What are the lines below, starting at the line containing "Казковий міст на" and ending at the line containing "1975 Topps Mel"? Write them out exactly, ends included, without pictures.

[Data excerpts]
# # # #

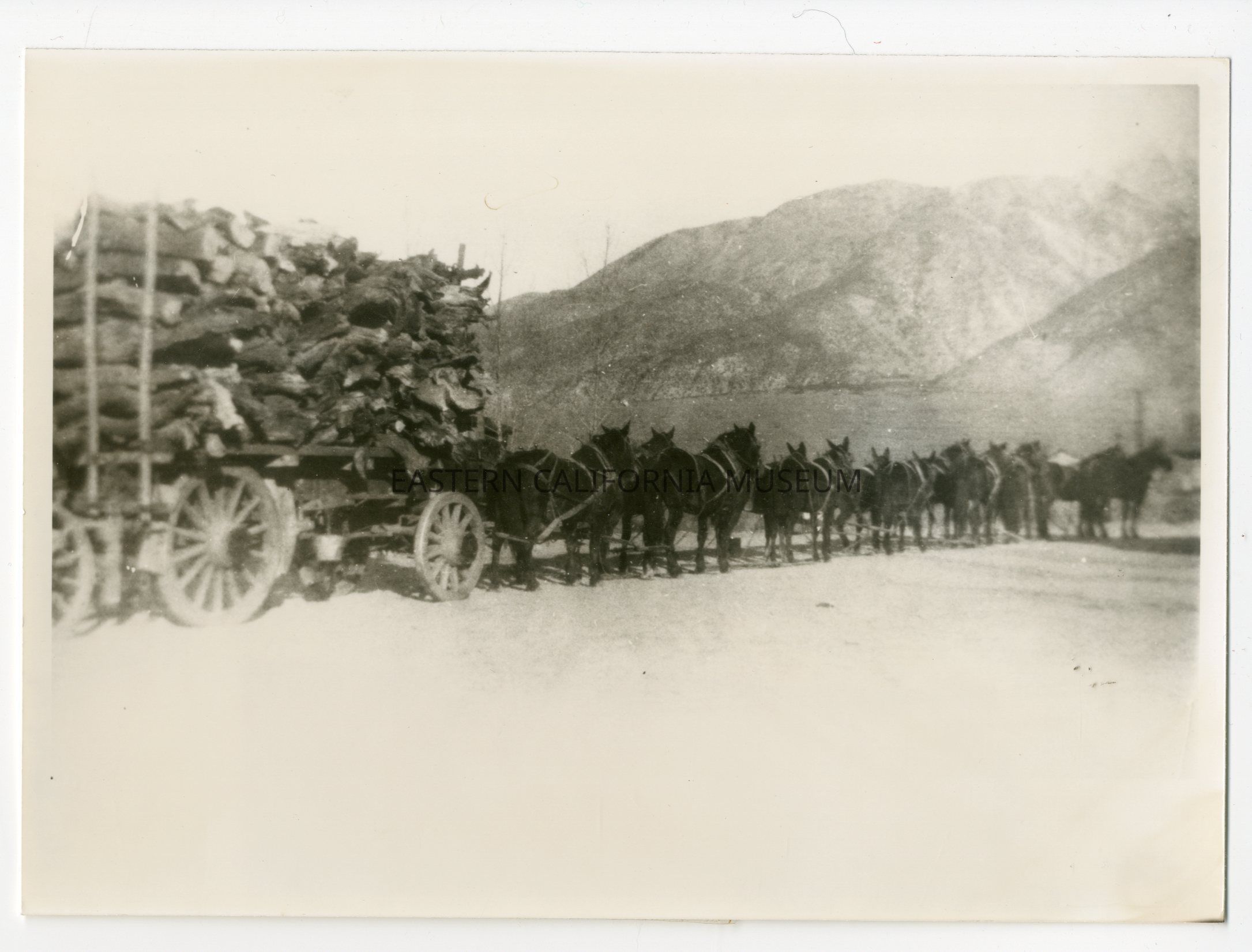 Photo of a team of 12-14 horses pulling a wagon piled high with firewood.
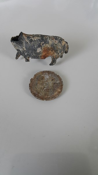 J'ai trouvé aussi une espèce de jouet en plomb je pense, matérialisant une vache.
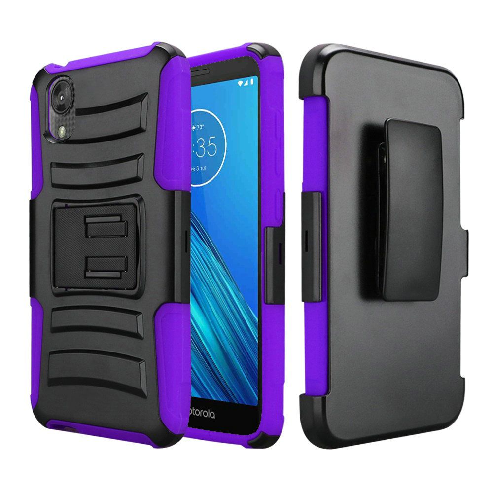 For Motorola MOTO E6 Premium Holster Clip Kickstand Case Cover
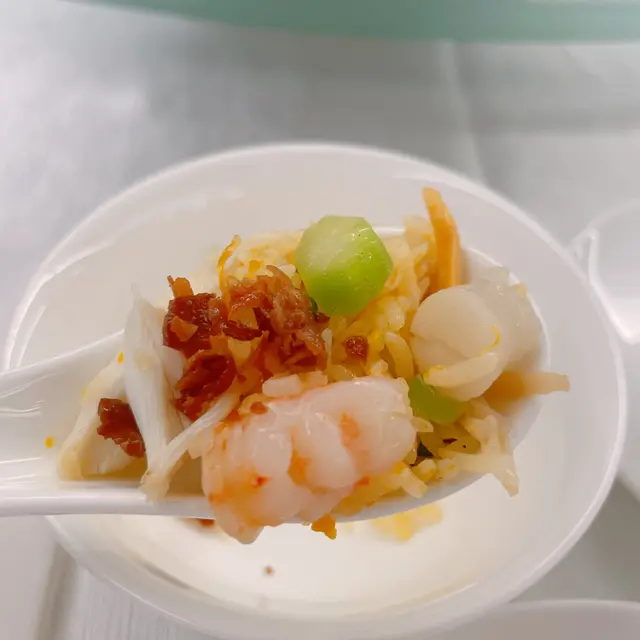 侍應揭蓋時脆米「滋滋」聲超治癒!蝦仁同帶子粒睇得出係即炒,飯底乾身到一粒粒識跳舞,最正係撈勻脆米後嘅雙重口感,唔怪得隔離枱encore。
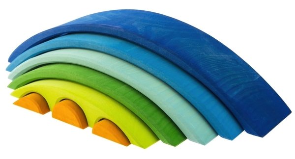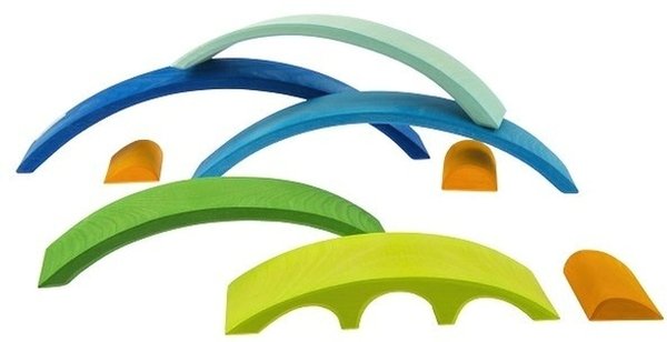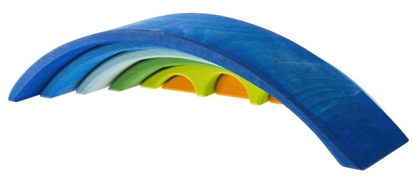 Казковий міст на заході сонця стає ближче завдяки конструктору німецького виробника іграшок Nic. Набір у вигляді моста, складеного із 8 дерев’яних дугоподібних форм. Довжина найбільшої дуги - 39 см, ширина - 7 см, а висота зібраного "моста" - 8 см. Комплект запакований у прозору поліетиленову плівку. Усі деталі виконані із натурального дерева, вкритого кольоровими матовими фарбами на водній основі. Матеріал абсолютно нетоксичний і безпечний для дітей.
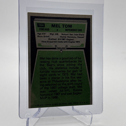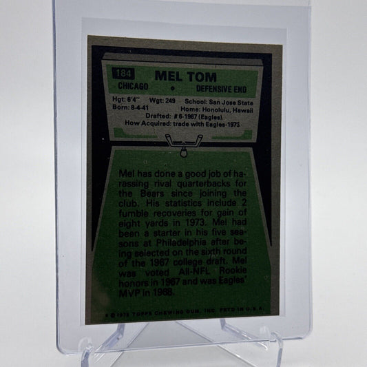 1975 Topps Mel Tom Football Card #184 NM Quality #6 FREE SHIPPING
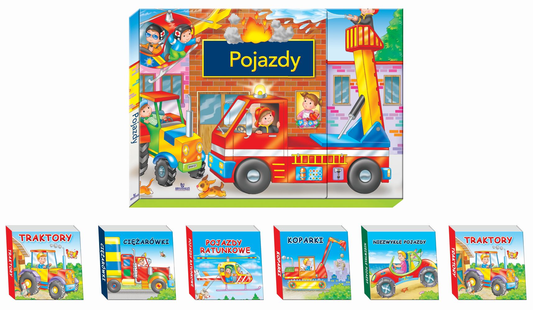 Przeczytaj krótkie historie, które rozpalą Twoją wyobraźnię. Dzięki nim poznasz niezwykły świat pojazdów. Pudełko zawiera sześć książeczek: Ciężarówki Pojazdy ratunkowe Niezwykłe pojazdy Traktory Koparki Pociągi

# # # #

- _SOLUTION_:
 Казковий міст на заході сонця стає ближче завдяки конструктору німецького виробника іграшок Nic. Набір у вигляді моста, складеного із 8 дерев’яних дугоподібних форм. Довжина найбільшої дуги - 39 см, ширина - 7 см, а висота зібраного "моста" - 8 см. Комплект запакований у прозору поліетиленову плівку. Усі деталі виконані із натурального дерева, вкритого кольоровими матовими фарбами на водній основі. Матеріал абсолютно нетоксичний і безпечний для дітей.
 1975 Topps Mel Tom Football Card #184 NM Quality #6 FREE SHIPPING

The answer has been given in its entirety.